To give some background, the tank is 60" long x 18" wide x 24" deep, so approx 400L.  The diary of the tank build can be found here: http://forum.practicalfishkeeping.co.uk/showthread.php?t=70070.  I have two external filters (1 eheim 2076, and 1 aquamanta 400) with the spray bars mounted at opposite ends of the tank pointing in to the middle.  Currently, the CO2 reactor is mounted on the back wall of the tank, next to one of the filter intakes (the eheim one).  My thinking is that I will re-locate the spray bars across the back wall of the tank, but am not sure where to move the CO2 reactor to to get a better dispersement of the gas throughout the tank.  I'm also not convinced I have enough circulation going on and am thinking about adding a powerhead.  Any thoughts on location of the reactor and whether I need a powerhead would be gratefully received.

A bit more on the tank - the substrate is about 1.5" of aquabasis covered with about 2-3" of JBl Manado.  I'm running 4 x 54w T5's (2 x Tropic and 2 x Color) which I've got set up to come on in mixed pairs, the first from 12pm until 7pm and the other pair from 2pm until 8pm.  The CO2 is a JBL kit with solenoid and comes on at 11am and runs until 7pm.  The tank is quite well planted (and stocked !), and I've been using Ferropol weekly (topping up with each water change) and then Ferropol 24 dosed daily.  I carry out water changes 3 times a week, changing approx 80L each time.  When doing the water changes, I vacuum the substrate (by holding the syphon just above the surface of the substrate).  Fish-wise, I've got 12 discus, 4 bolivian rams, 12 (or so) cardinal tetra, 8 rummy nose tetra, 8 ottos, 3 sterbai corys, 4 siamese algae eaters, a starlight plec, and a black ghost knife fish.  I think.  Well, you know, sometimes you lose count and those fish never stay still long enough to count them !!   

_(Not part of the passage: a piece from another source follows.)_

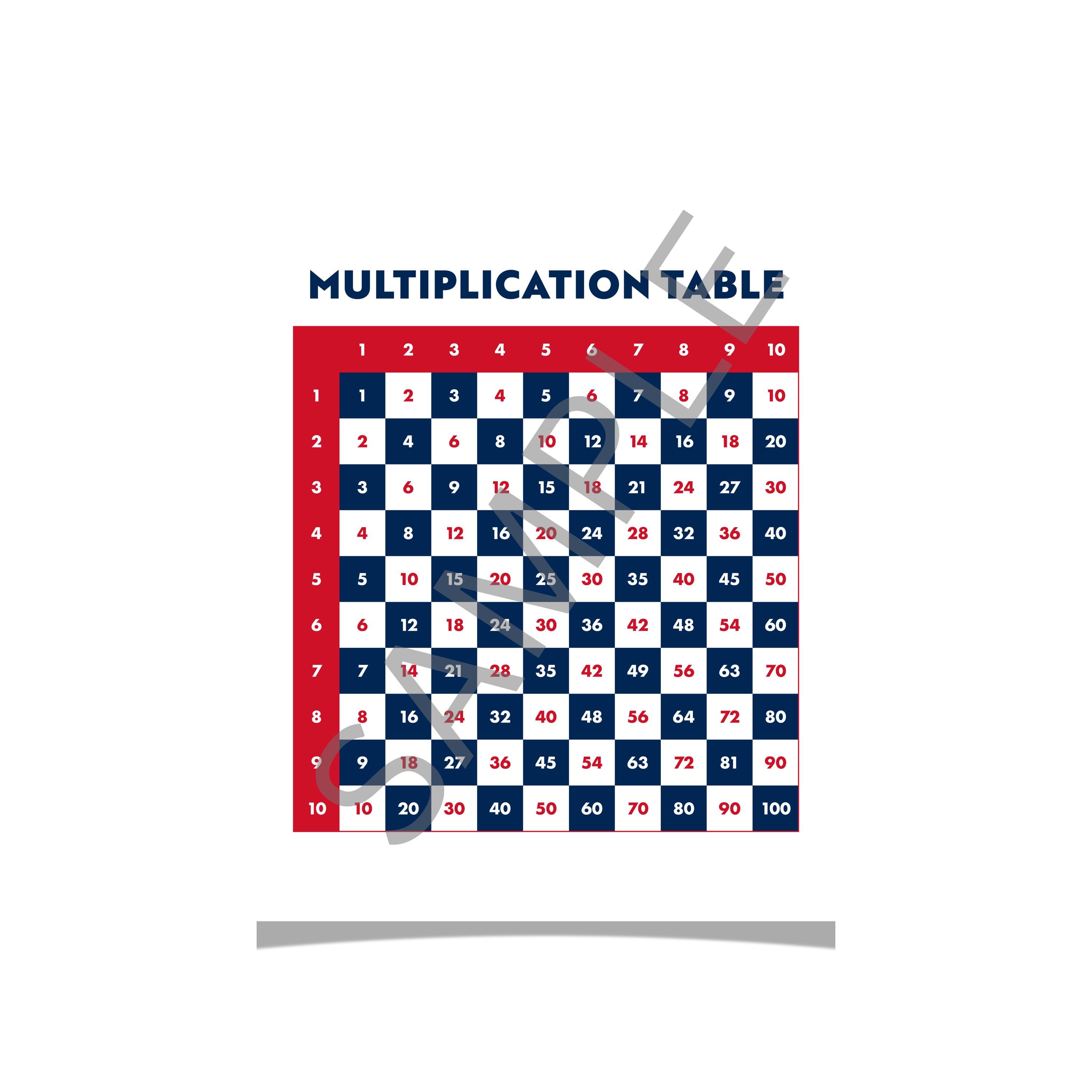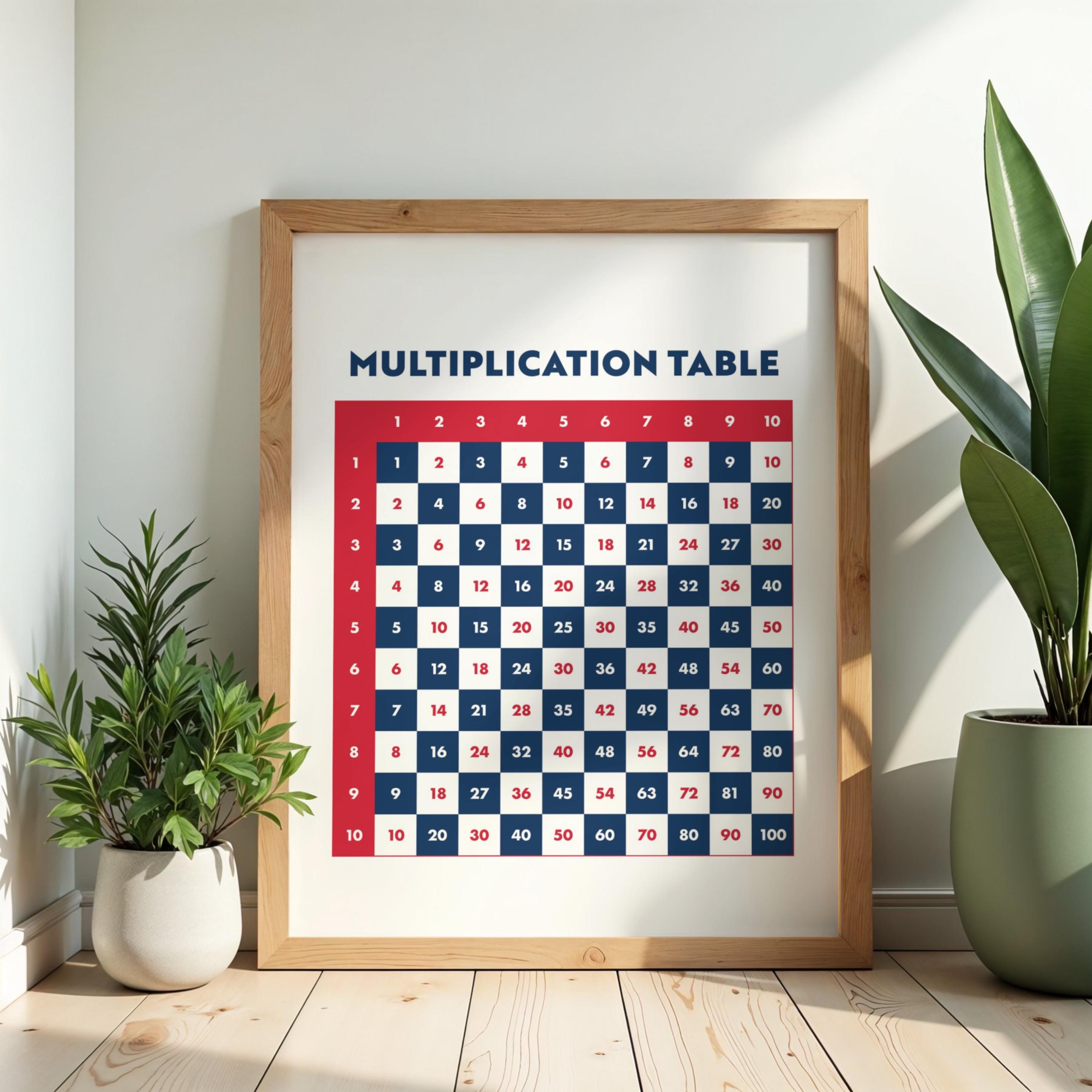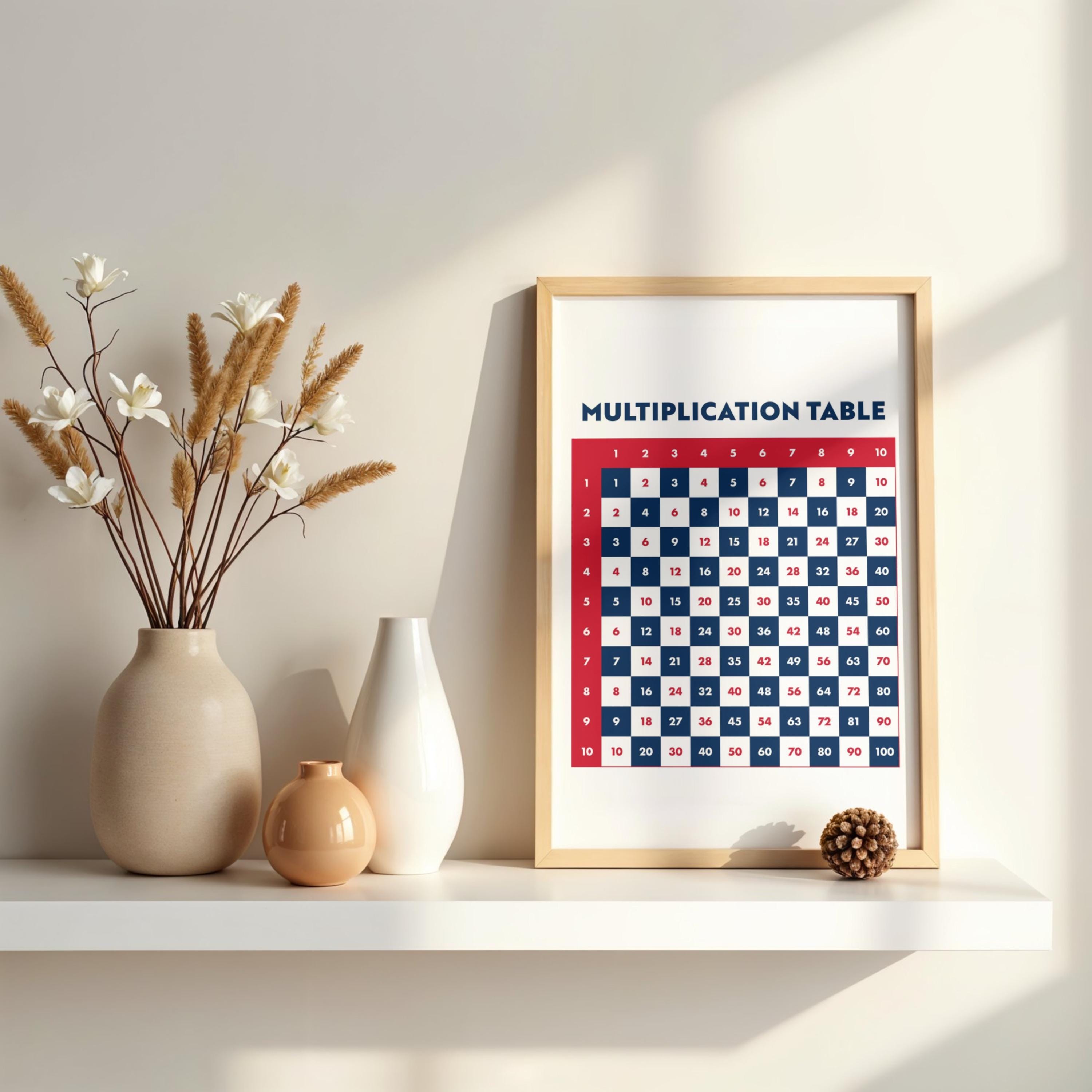 Master the times tables with style. This minimalist multiplication table features a classic checkered pattern with tricolor. A perfect blend of educational value and modern graphic design for your child's learning space.

Anyway, any thoughts, comments, guidance, etc. much appreciated.

Thanks

Richard


----------



## Alastair (5 Jul 2011)

Only me again ha. Is it the jbl taifun reactor that you have? The spiral ladder? I think as long as it's in an area of high flow then position wise it shouldn't matter. How ever if your thinking of getting a powerhead, maybe try switching the reactor for a glass diffuser placed underneath the powerhead so it chops the co2 up and blows it forwards. Or put the rector in the centre at the back. 
Also, I'd possibly try going down the ei dry salts route for fertilisers, it's so much cheaper and very easy to make up a 4 week macro and trace solutions for your size tank. You'd need the same amounts as myself.


----------



## mdhardy01 (6 Jul 2011)

Moving the spraybars to the back wall is an excellent start ?the next thing would be to get rid if the jbl reactor and get yourself a up inline diffuser this goes on the outlet pipe of the most powerful filter (eheim) and will give much better diffusion around the tank 
My tank is of similar size 60/24/24 so I would suggest a koralia between the spraybars to ensure no dead spots 
Hope this helps 
Matt


Sent from my iPhone using Tapatalk


----------



## rt964 (6 Jul 2011)

Alastair said:
			
		

> Only me again ha. Is it the jbl taifun reactor that you have? The spiral ladder? I think as long as it's in an area of high flow then position wise it shouldn't matter. How ever if your thinking of getting a powerhead, maybe try switching the reactor for a glass diffuser placed underneath the powerhead so it chops the co2 up and blows it forwards. Or put the rector in the centre at the back.
> Also, I'd possibly try going down the ei dry salts route for fertilisers, it's so much cheaper and very easy to make up a 4 week macro and trace solutions for your size tank. You'd need the same amounts as myself.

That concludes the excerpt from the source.